§ **EXTRACTED INFORMATION**
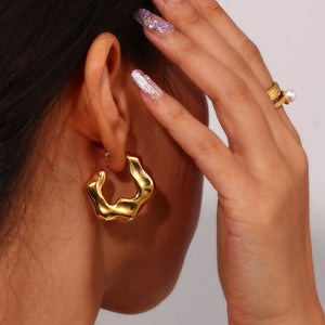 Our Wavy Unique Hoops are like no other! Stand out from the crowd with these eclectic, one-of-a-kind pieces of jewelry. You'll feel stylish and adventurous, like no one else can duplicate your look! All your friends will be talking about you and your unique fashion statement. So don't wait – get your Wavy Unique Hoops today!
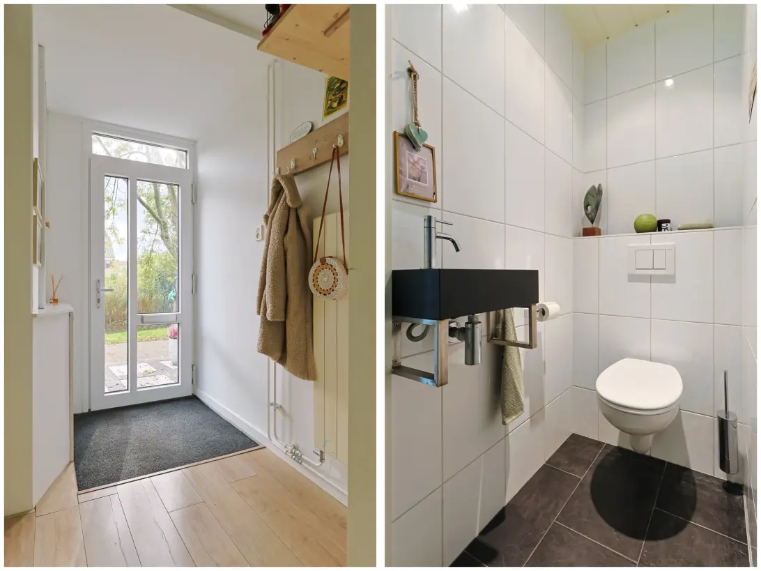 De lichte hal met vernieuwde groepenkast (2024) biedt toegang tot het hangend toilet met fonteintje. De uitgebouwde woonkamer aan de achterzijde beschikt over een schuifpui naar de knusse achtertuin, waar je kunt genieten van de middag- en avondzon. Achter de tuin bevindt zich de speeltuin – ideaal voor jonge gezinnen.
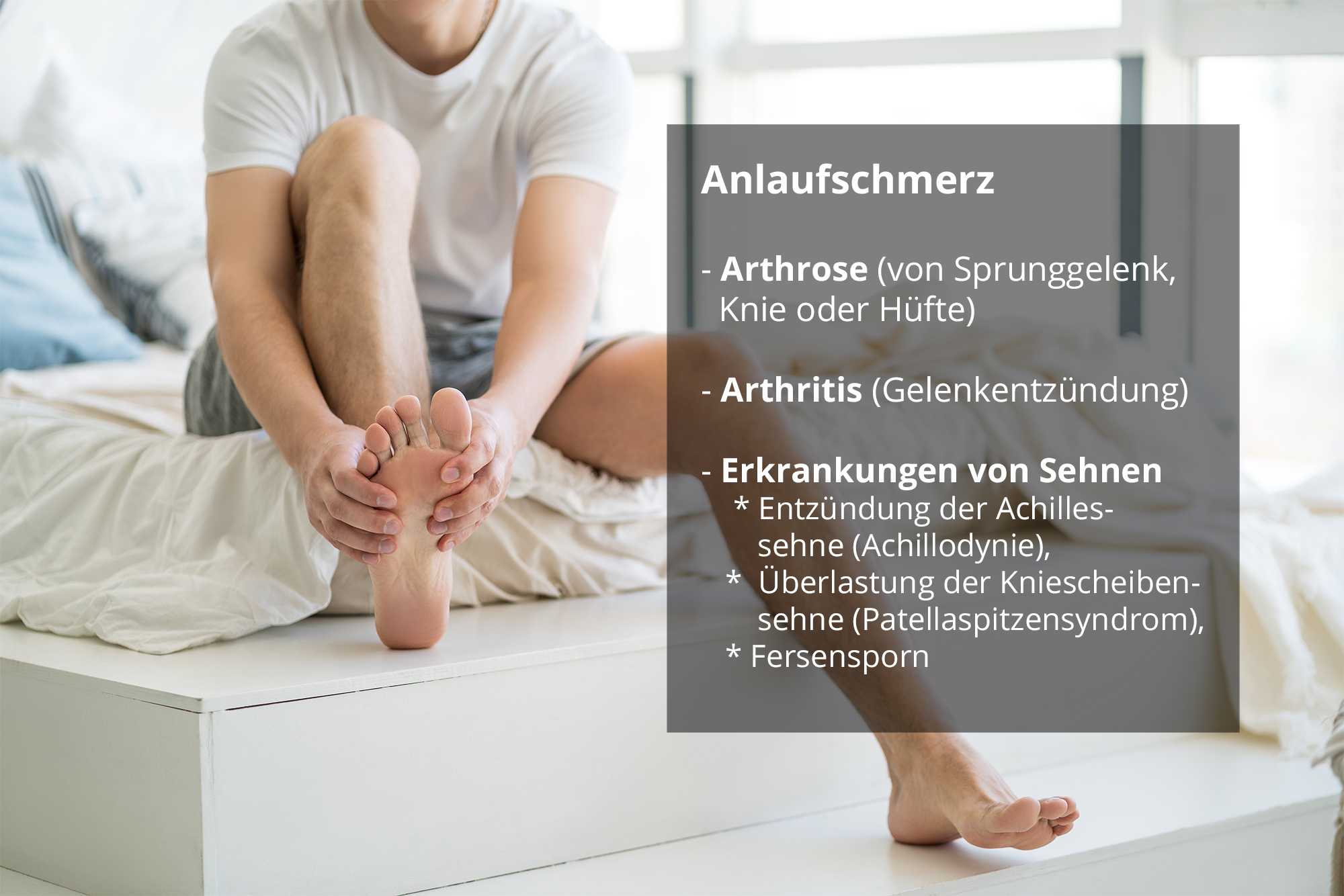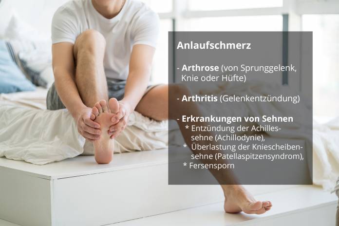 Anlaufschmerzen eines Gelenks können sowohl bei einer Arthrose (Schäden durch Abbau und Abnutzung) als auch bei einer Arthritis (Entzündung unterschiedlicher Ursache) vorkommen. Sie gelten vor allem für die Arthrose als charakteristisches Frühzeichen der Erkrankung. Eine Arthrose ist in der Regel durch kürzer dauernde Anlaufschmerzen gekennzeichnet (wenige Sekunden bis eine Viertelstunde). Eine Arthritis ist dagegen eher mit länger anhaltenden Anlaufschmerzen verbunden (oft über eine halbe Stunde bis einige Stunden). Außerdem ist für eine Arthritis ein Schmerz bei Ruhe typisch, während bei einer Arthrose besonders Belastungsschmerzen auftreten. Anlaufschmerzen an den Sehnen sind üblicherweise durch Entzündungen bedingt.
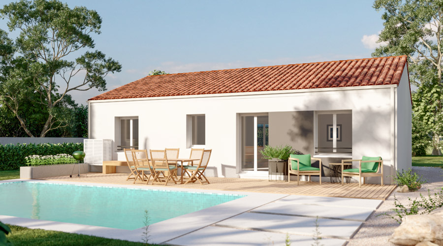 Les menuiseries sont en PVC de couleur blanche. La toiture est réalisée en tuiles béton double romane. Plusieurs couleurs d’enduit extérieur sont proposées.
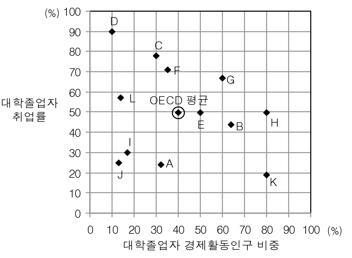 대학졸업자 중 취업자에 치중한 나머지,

§ **TASK STATEMENT**
Here the job is to output the lines from the top of the listing through the line holding "De lichte hal", word for word and without pictures.

§ **TASK SOLUTION**
 Our Wavy Unique Hoops are like no other! Stand out from the crowd with these eclectic, one-of-a-kind pieces of jewelry. You'll feel stylish and adventurous, like no one else can duplicate your look! All your friends will be talking about you and your unique fashion statement. So don't wait – get your Wavy Unique Hoops today!
 De lichte hal met vernieuwde groepenkast (2024) biedt toegang tot het hangend toilet met fonteintje. De uitgebouwde woonkamer aan de achterzijde beschikt over een schuifpui naar de knusse achtertuin, waar je kunt genieten van de middag- en avondzon. Achter de tuin bevindt zich de speeltuin – ideaal voor jonge gezinnen.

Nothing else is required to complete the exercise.